Thursday, December 8, 2011

Sesame Candy














Today is a recipe for a healthy candy.  A healthier one, anyway.   You might have seen honey-sesame bars in the natural or ethnic foods aisles.  According to that middle-eastern repository of culinary knowledge, wikipedia, sesame seeds are high in vitamins and anti-oxidants. They can also help reduce blood cholesterol.   Sesame candy also contains honey,  containing trace amounts of essential nutrients.  And lemon juice is just chock-full o'vitamin C.  Wow!  I feel healthier just thinking about eating this stuff!














Although most of the sesame seed products in the supermarket are in the middle-eastern aisles, they are not just a middle-eastern food item.  Versions of sesame candy are available all around the world wherever sesame plants grow.  Greece has Pastelli.  Israeli has Sukariyot Sumsum.  Puerto Rico's has dulce de ajonjoli. And India has Til Burfi, among others.  Although each country uses its own unique ingredients and spices, the basic recipe is still the same.

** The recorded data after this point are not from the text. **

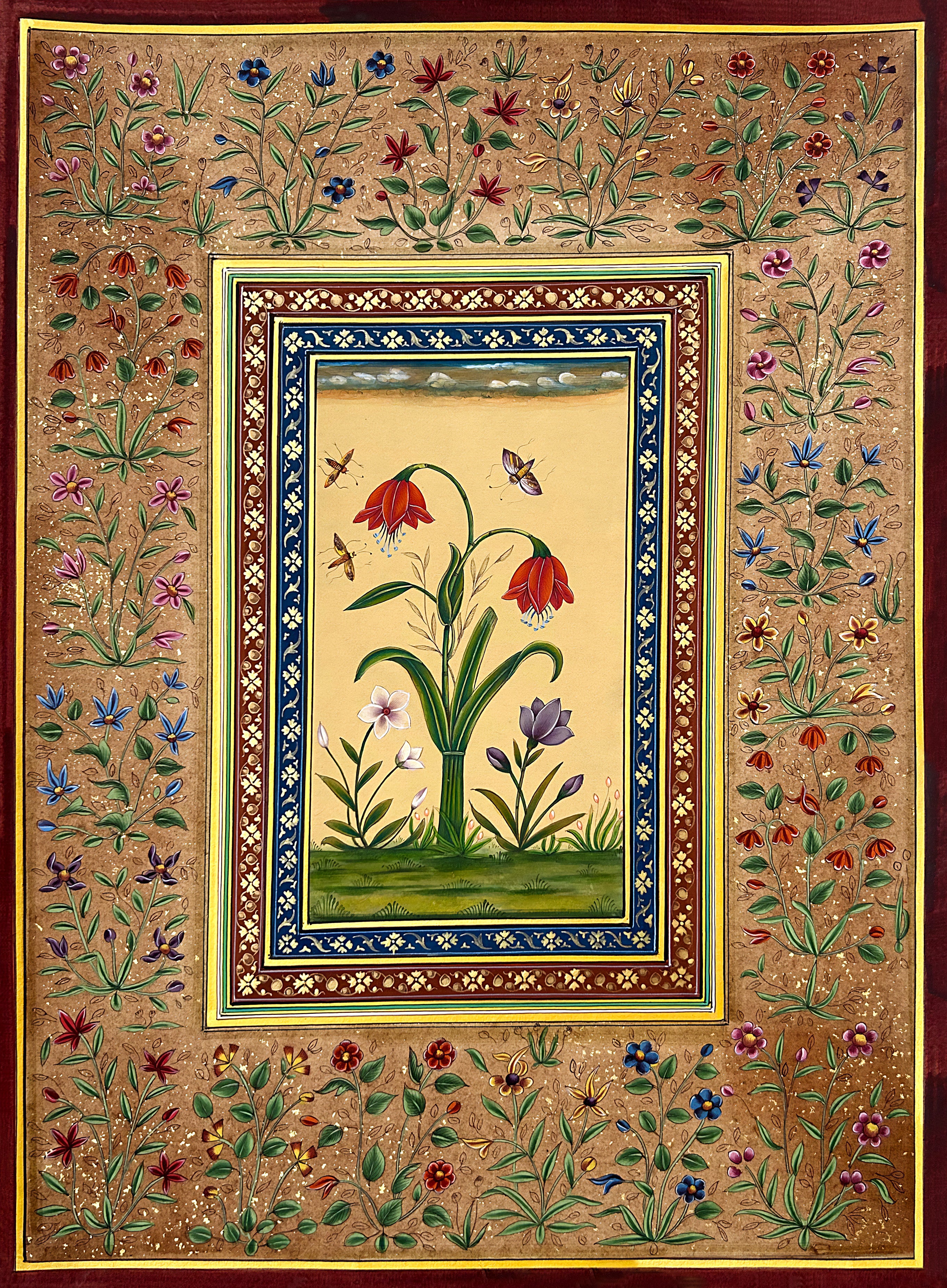 In Mughal miniatures, flowers transcended mere decoration, blossoming with symbolic meaning. Here Mohan Prajapati paints a stunning flower composition with the Red Amaryllis flower taking centre stage. This meticulous botanical language within the paintings enriched the narrative, offering a window into the Mughal perception of the natural world and its deeper connection to the depicted scene, however here the meaning is reserved only for the painter himself.
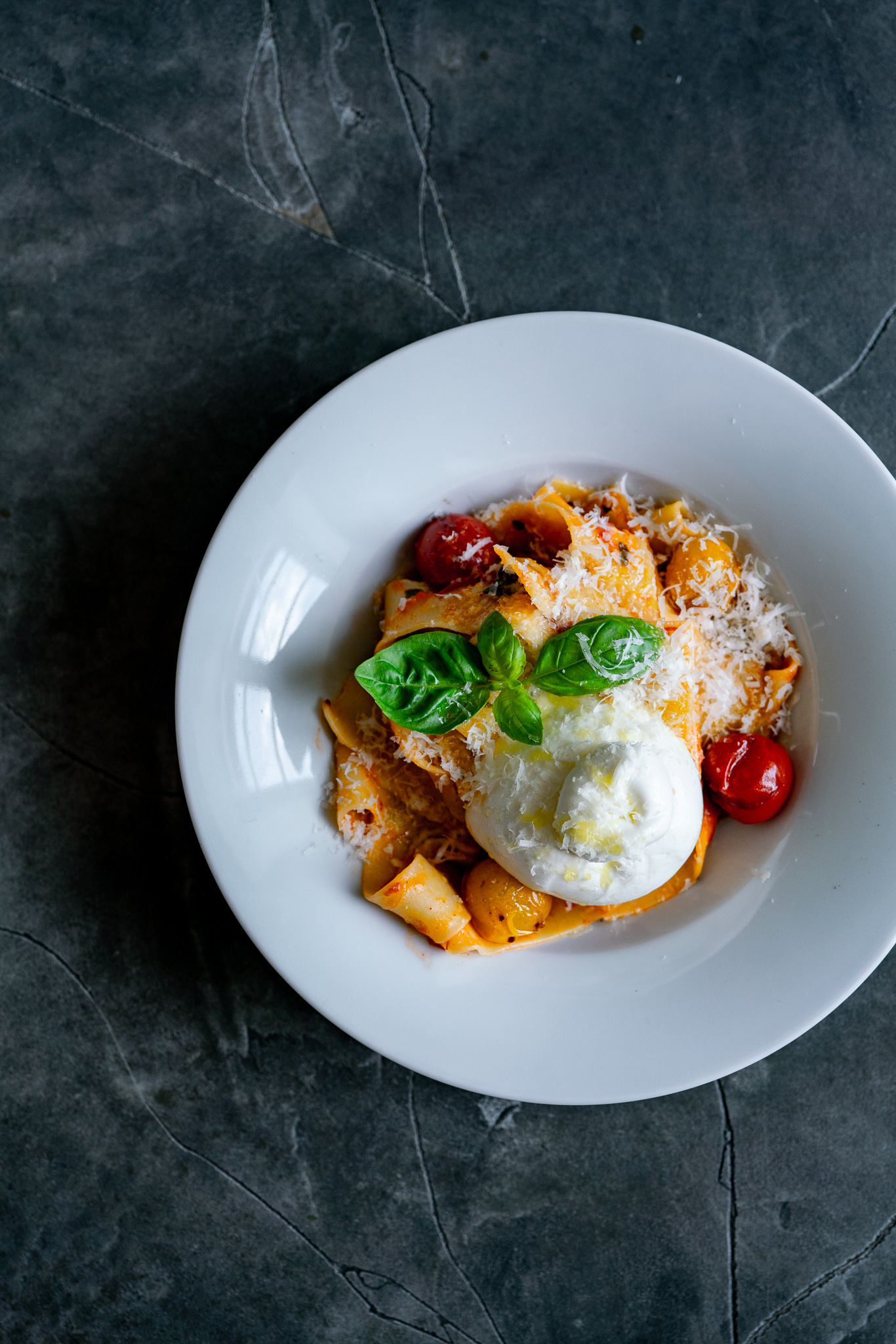 Die Penne Pomodoro nun auf zwei Tellern anrichten, mit den glasierten Paradeisern belegen, mit etwas Parmesan bestreuen und mit frischem Basilikum und Burrata servieren.
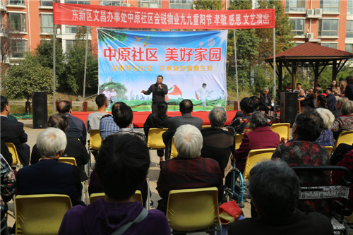 金秋十月,菊花飄香。10月17日重陽節(jié)當(dāng)天,東新區(qū)中原社區(qū)攜同金銳物業(yè)在該社區(qū)組織開展了“擁抱新時(shí)代 歡度重陽節(jié)”文藝演出活動(dòng)。東新區(qū)社會(huì)事務(wù)局局長(zhǎng)朱放哲,房屋征收中心主任閆國(guó)政,文昌辦事處主任李向峰,國(guó)庫支付中心副主任科員齊孟磊,文昌中學(xué)副校長(zhǎng)康瑞玲參加活動(dòng)。

This recipe is originally from Herbal Food. One-quarter of the white sesame seeds were replaced with black ones, mostly because I happened to have a jar of it in my pantry.  It's not enough to affect the flavor, but it sure looks pretty.  In any event, both kinds of seeds came pre-roasted (found in the oriental aisle ... my local Try-n-Save sure has lots of aisles ...).  If you prefer to roast seeds yourself, heat a saute pan over medium-high heat.  Add seeds then stir constantly just until seeds start to have brown tinges (about 2 minutes).  Immediately remove from heat (they will continue to toast from residual heat).  

As I have mentioned in previous posts, temperature is critical ... a few degrees off can result in sesame caramel.  Not necessarily bad, but not what we are aiming for here.

Speaking of temperature, use a wooden spoon for stirring.  If you insist on using a metal spoon, be sure to wear an oven mitt to avoid burning your dainty fingers. If you have a nylon spoon, check for it's maximum temperature resistance.  Melted nylon or plastic might affect the flavor a tad.

Haven't mentioned it often enough, but my new favorite kitchen utensil is  a silicon baking sheet.  It is the greatest tool in the world for candy-making.  No need for butter nor grease.  It laughs at nuclear-hot molten candy.  And, after several weeks of non-stop candy-making, I actually hear its laughter ... it's even louder than screaming tomatoes.  But I digress ...   


Sesame Seed Candy
Based on a recipe from Herbal Food

1 1/2 cups granulated sugar
1/2 cup honey
2 Tbl. water
1 tsp. lemon juice
1 tsp. ground cinnamon
1/8 tsp. salt
3/4 cup white sesame seeds mixed with 1/4 cup black sesame seeds, or all white seeds

Set a silicone baking sheet on a large regular baking sheet.  Alternatively, line a large rimmed baking sheet with foil; heavily spray with cooking spray.  Set aside.














Combine sugar, honey, water and lemon juice in a 2 quart saucepan over medium-low heat.  Stir continuously, with a wooden spoon, until sugar is dissolved.














Bring to a boil, reduce heat to low, then insert a candy thermometer.  Continue to cook, stirring occasionally with wooden spoon, until temperature reaches 300F, about 20 minutes. 














Remove from heat.  Stir in cinnamon, salt and sesame seeds.














Carefully pour molten candy onto prepared baking sheet.














Try to nudge lava candy into a rectangle shape for ease of cutting into uniform-sized pieces later.  When cool enough to handle but still slightly warm (5-15 minutes, depending upon kitchen temperature), peel candy slab from pan and place on cutting board lined with wax paper.













Cut slab longways into inch-wide lengths, then cut crossway into bars, squares or diamond shapes (as shown).  Occasionally peel candy slab and long lengths from wax paper to prevent permanent bonding.  As it cools, it will lose its stickiness, but will be much more difficult to cut.  Shattered candy doesn't lose its flavor, but it's not as pretty.

Allow candy to cool completely.  Store at room temperature in single layers between wax paper in a tightly covered container for a week.  For longer storage, freeze.  Defrost, still in container to prevent condensation.














Ooh, shattered pieces scooted all the way out here!